| Chile offers leniency rights abusers Original Source Link: (May no longer be active) http://www.alertnet.org/thenews/newsdesk/N12288900.htmhttp://www.alertnet.org/thenews/newsdesk/N12288900.htm
13 Aug 2003 02:13:31 GMT Chile offers leniency to some rights abusers
-------------------------------------------------------------------------------- By Fiona Ortiz
SANTIAGO, Chile, Aug 12 (Reuters) - In a bid to heal decades-old wounds from Chile's military dictatorship, President Ricardo Lagos unveiled on Tuesday a human rights plan offering leniency to soldiers who break their silence about tortures and disappearances.
Lagos, who wants to push Chile's deeply divided society toward reconciliation 30 years after a military coup, also increased special pensions for families of the estimated 3,000 people killed during Gen.
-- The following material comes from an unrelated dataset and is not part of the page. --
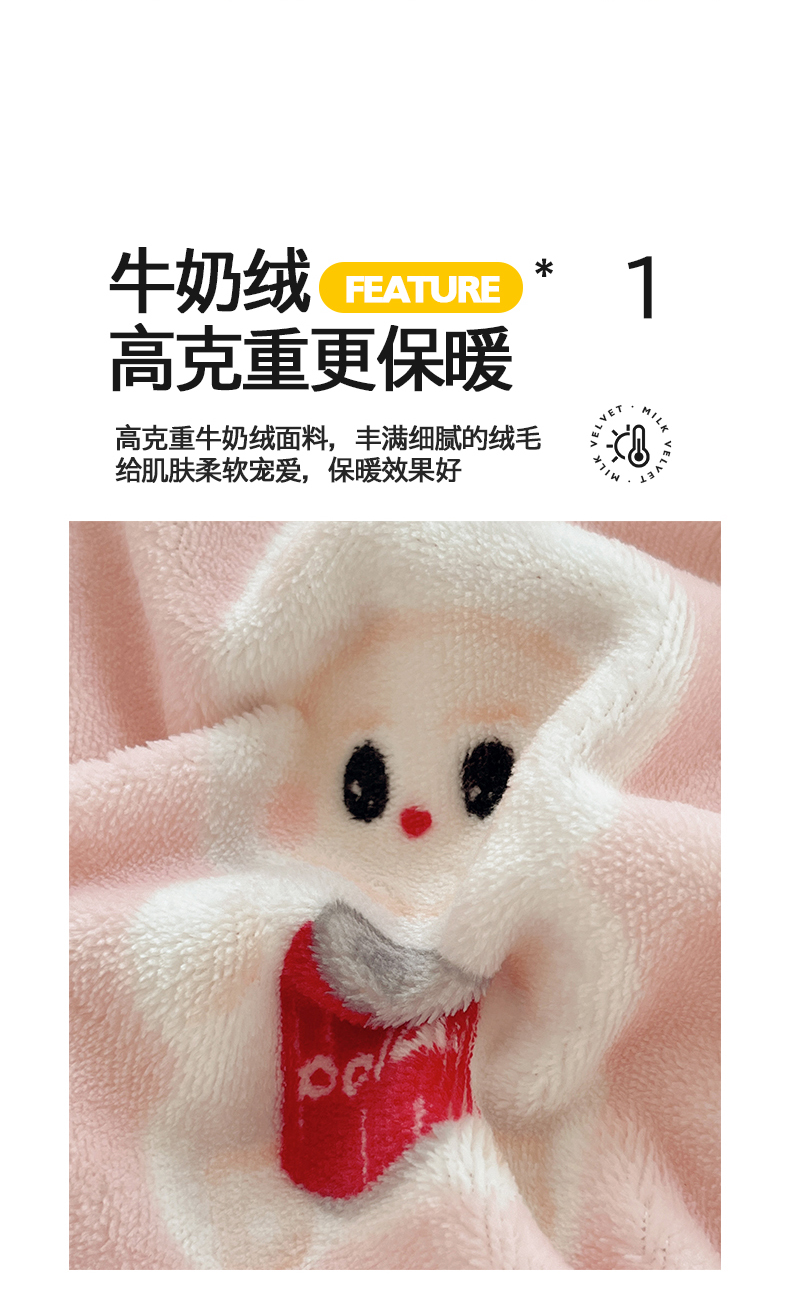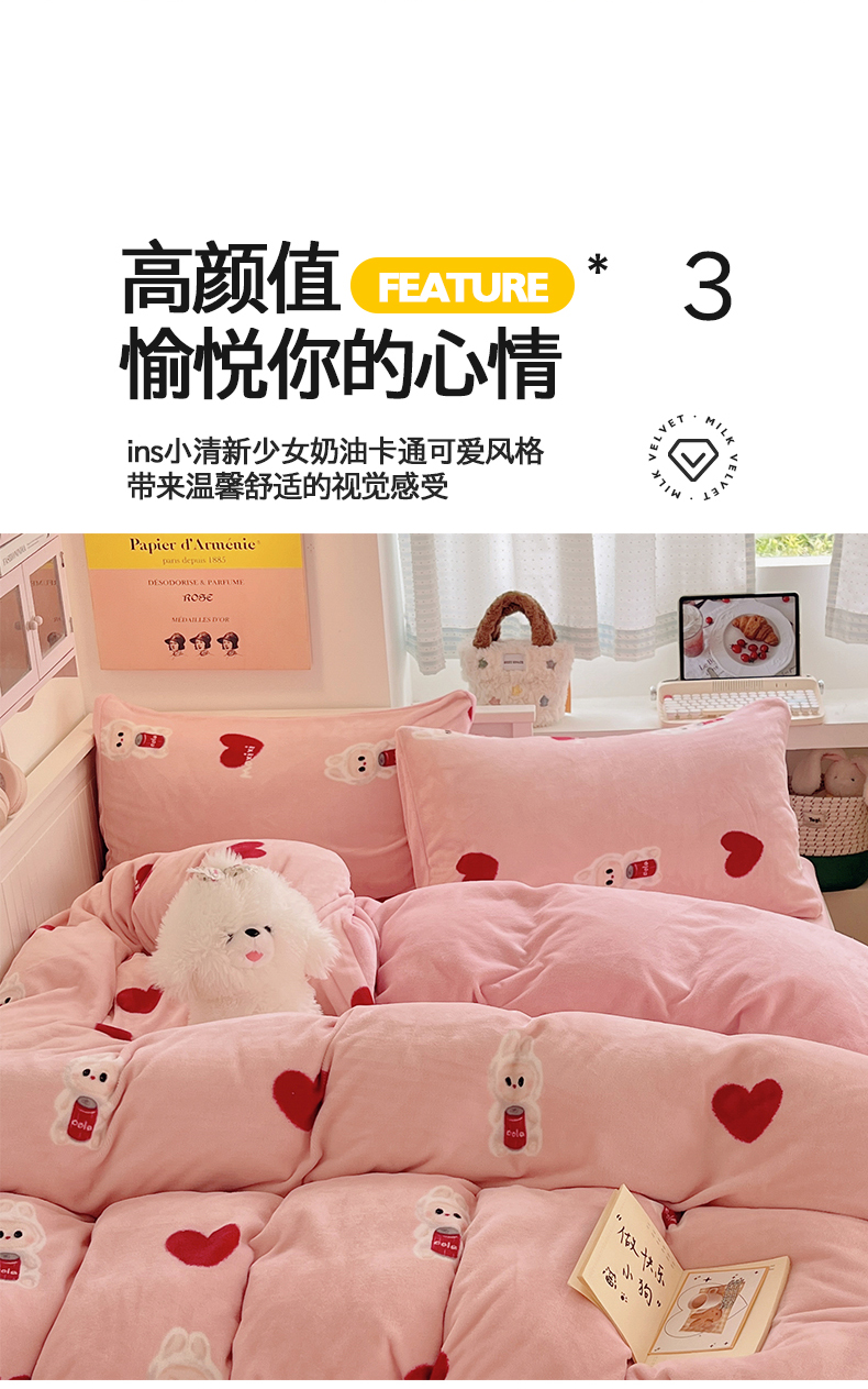 商品名称:金爱家 2025新款A类ins小清新少女奶油卡通可爱加厚牛奶绒四件套 绒-可乐甜甜

Augusto Pinochet's 1973-1990 rule.
The plan also assigns more special judges to human rights cases to speed them up in court.
"Many people who have information are still sunk in a cruel and persistent silence," Lagos, a socialist who has pushed a free trade agenda, said in a nationally televised speech.
To break the code of silence, he said, courts would offer reduced or commuted sentences to those who were only following orders under threats, but not to those who organized and ordered abuses.
At least 160 former members of the military are on trial on allegations of human rights crimes and a handful of officers have been convicted.
Lorena Pizarro, president of the Group of Relatives of the Disappeared, said she was disappointed because the president did not overturn a limited 1978 amnesty for the military.
"There's no sharing of responsibilities here. We are the families of the victims and they are the criminals," Pizarro said.
Pensions for children and widows of the disappeared and executed, roughly $285 a month now, will be increased by 50 percent. Lagos also said he would form a special commission to look into one-time symbolic compensations for torture victims.
The president said the plan was not a definitive solution but another step toward uniting Chile's fractured soul. Many Chileans revile the dictatorship, but Pinochet also gets credit for saving the country from Marxism when he ousted leftist President Salvador Allende on Sept. 11, 1973.
Allende took his own life during the coup. Pinochet, 87, his mental health fragile, has retired from public life.